[[ Supplied records, beginning ]]

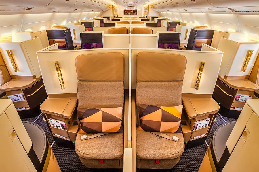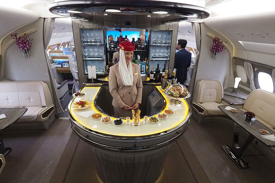В салоне Первого класса вы почувствуете себя, как на борту личного самолета. Индивидуальная каюта с полностью раскладывающимся в кровать креслом, изысканное меню и персональное обслуживание, душ-СПА с личными косметическими наборами Bulgari, зона отдыха с коктель-баром и премиальными напитками на борту А380, доступ в залы ожидания в аэропортах.
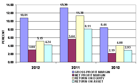2012 and 2011 respectively. This ratio measures the efficiency of the company
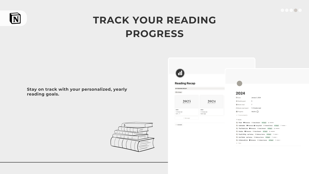 This Notion template is designed to do just that, offering you a way to track your reading journey and hopefully inspire you to dive back into books (if you’re not already), just like it did for me.
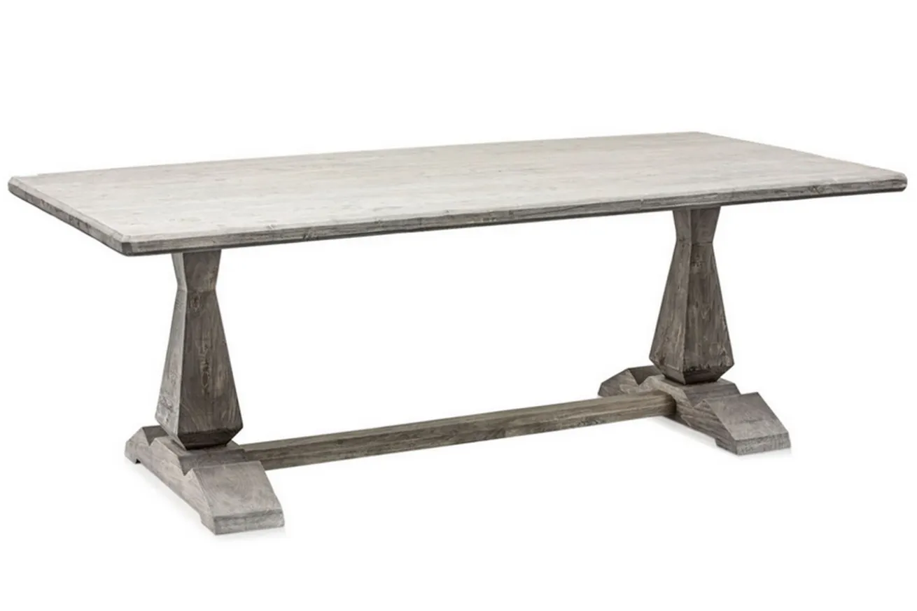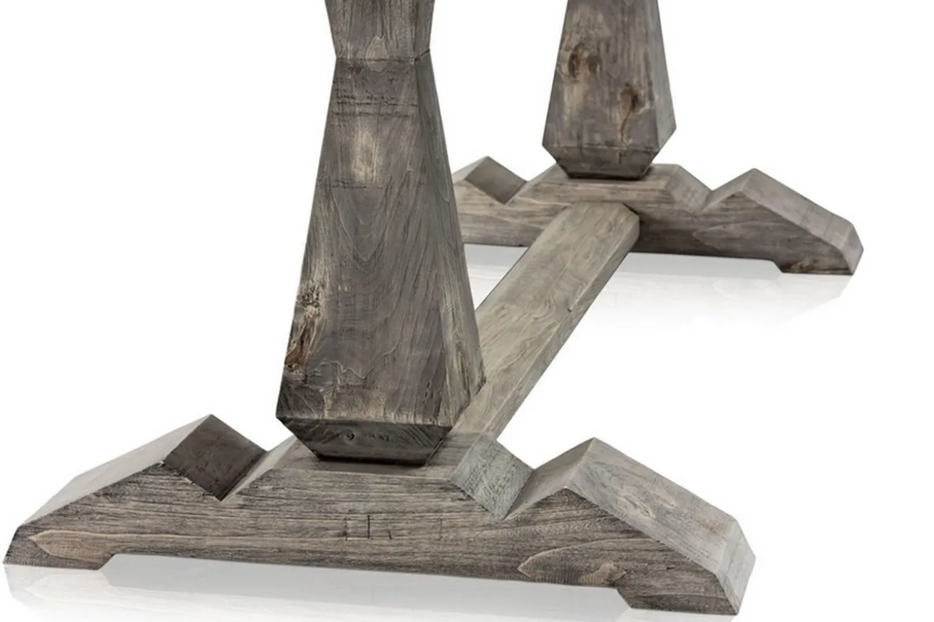 Dieses moderne Massivholzmöbel aus recyceltem Holz ist dank seiner Farbe ein Hingucker für Jung und Alt! Die rustikale Aufmachung, die dieses Produkt erweckt, hat die Maße Breite 220cm, Höhe 77cm und Tiefe 105cm. Zudem hat die Platte eine Dicke von 6cm. Da es sich um ein recyceltes holzprodukt handelt, ist es ein nachhaltiger Tisch mit einer grauen Patina. Wohin damit? Diese Speisetafel bereichert jedes Esszimmer im Landhausstil.
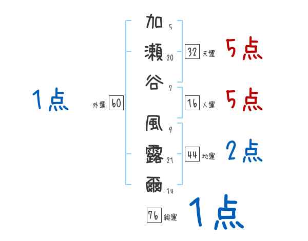 総運![]() | 加瀬谷風露爾さんの総運は76画の1つ星!離散に注意。劣等感を感じ孤立しやすい傾向があるかも。 あなたの人生を表す1番重要な運勢です。生涯を通じて影響する総合運となり、主に50歳以降の晩年期に影響を及ぼします。 |
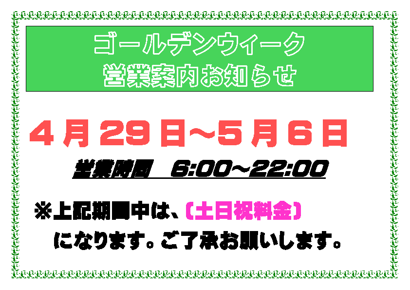 ゴールデンウィーク営業案内2026年のゴールデンウィーク営業案内です。
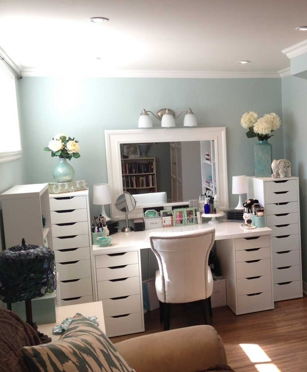 Первый вид занимает меньшую площадь, поэтому может быть установлен даже в небольшой спальне. За счет особенностей конструкции их ящики получаются довольно большие и они с легкостью смогут в себя вместить все необходимое – от кремов до помады.

[[ Supplied records, end ]]

* _Work instruction_
Write out exactly the lines from the one containing "ゴールデンウィーク営業案内2026年のゴールデンウィーク営業案内です。" through the last line of the records above, both ends included, and leave out any pictures.

* _Solution to this exercise_
 ゴールデンウィーク営業案内2026年のゴールデンウィーク営業案内です。
 Первый вид занимает меньшую площадь, поэтому может быть установлен даже в небольшой спальне. За счет особенностей конструкции их ящики получаются довольно большие и они с легкостью смогут в себя вместить все необходимое – от кремов до помады.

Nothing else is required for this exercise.